Every medical condition needs a tool to measure success of treatment. With idiopathic scoliosis (curvature of the spine with no known cause), the Scoliosis Research Society (SRS)-22 survey is often used. This tool was first published as a valid, reliable instrument back in the late 1990s.
The SRS-22 questionnaire has been used to measure health-related quality of life (HRQOL) in teens and young adults. It is a simple and practical way to assess how patients with this particular condition perceive themselves in terms of pain, self-image, and function.
Since idiopathic scoliosis is not life-threatening, the goals of treatment are not to save the life of the child or even cure him or her of this problem. Treatment is more of a management approach to limit how severe the spinal curve becomes, to prevent deformity, and to minimize any effect of the condition on daily function and quality of life. The question naturally arises: can the SRS-22 be used (and relied upon) to guide management decisions?

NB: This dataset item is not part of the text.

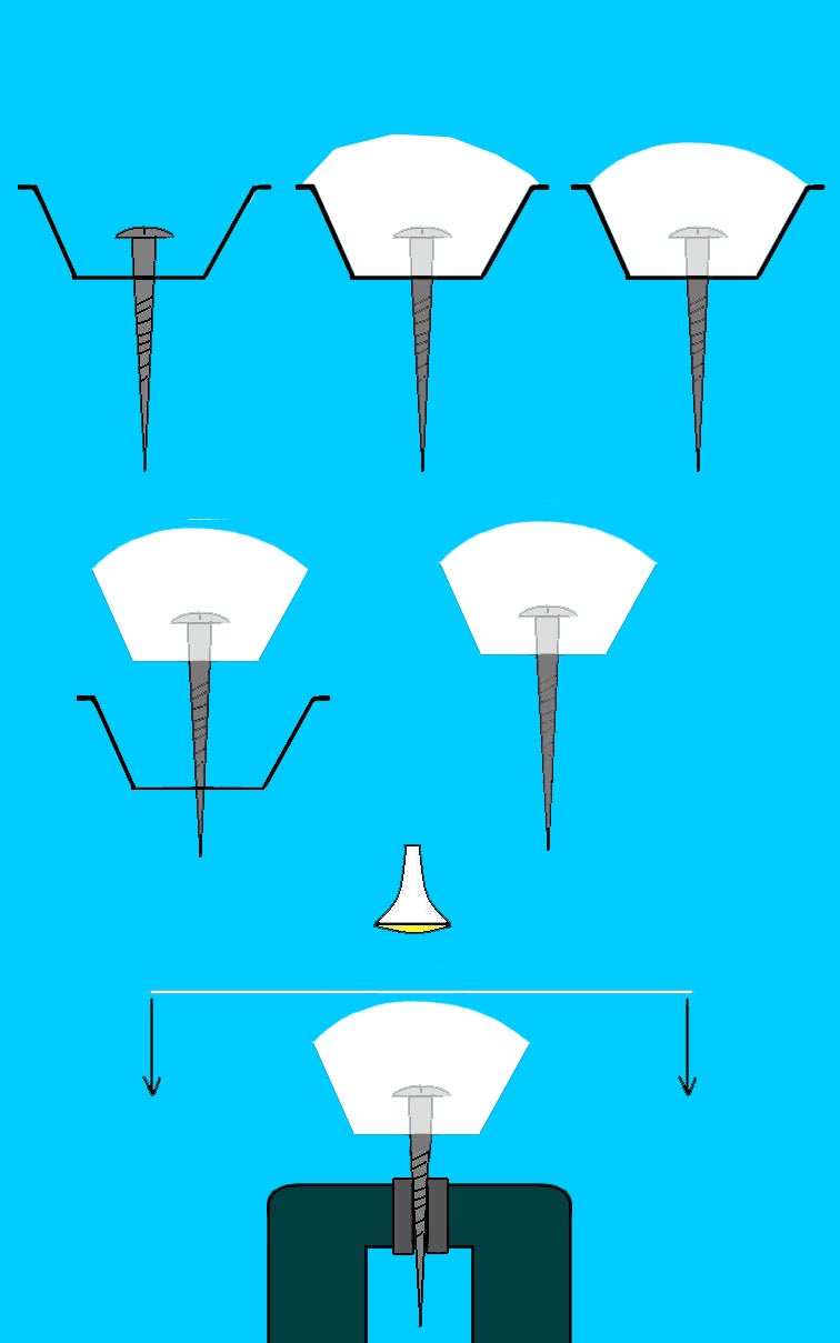 Démoulage en poussant la vis ou le clou par l'arrière.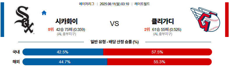 시카고W 대 클리블랜드 MLB 08월11일 맞대결 생중계, 스포츠중계, 스포츠분석

In other words, how useful is the SRS-22 in making treatment decisions?
That’s what the researchers who published this study tried to find out. They gave the SRS-22 survey to 155 patients ages 10 to 21. The entire group was made up of two separate subgroups: those patients who were treated without surgery (nonoperative group) and those who had surgery. There were further subdivisions among the groups based on severity of their spinal curves.
They found that the questionnaire was a good tool to use when assessing differences in pain and body image between patients with small versus large spinal curves. But it did not sort out differences between the two groups when it came to measuring effects on function or mental health. And the SRS-22 really could not show differences with small changes in the severity of the spinal curvatures.
The authors suggest that the SRS-22 is still a good tool for measuring some things (body image and pain between small and large curves) but it does have some limits. Different scores are not as likely with small changes in curves. It’s easier to use the SRS-22 to identify patients with larger curves who will need surgery but not as effective for smaller (mild to moderate) curves.
Results of treatment may be affected by other factors that are not measured by the SRS-22 (e.g., socioeconomic status, body mass index as a measure of obesity, self-esteem, self-confidence, mood). In this age group, self-image is often more important than physical pain or loss of motion. Since these other behavioral, psychologic, and social health-related qualities are also important, it may be necessary to use more than just the SRS-22 to assess change.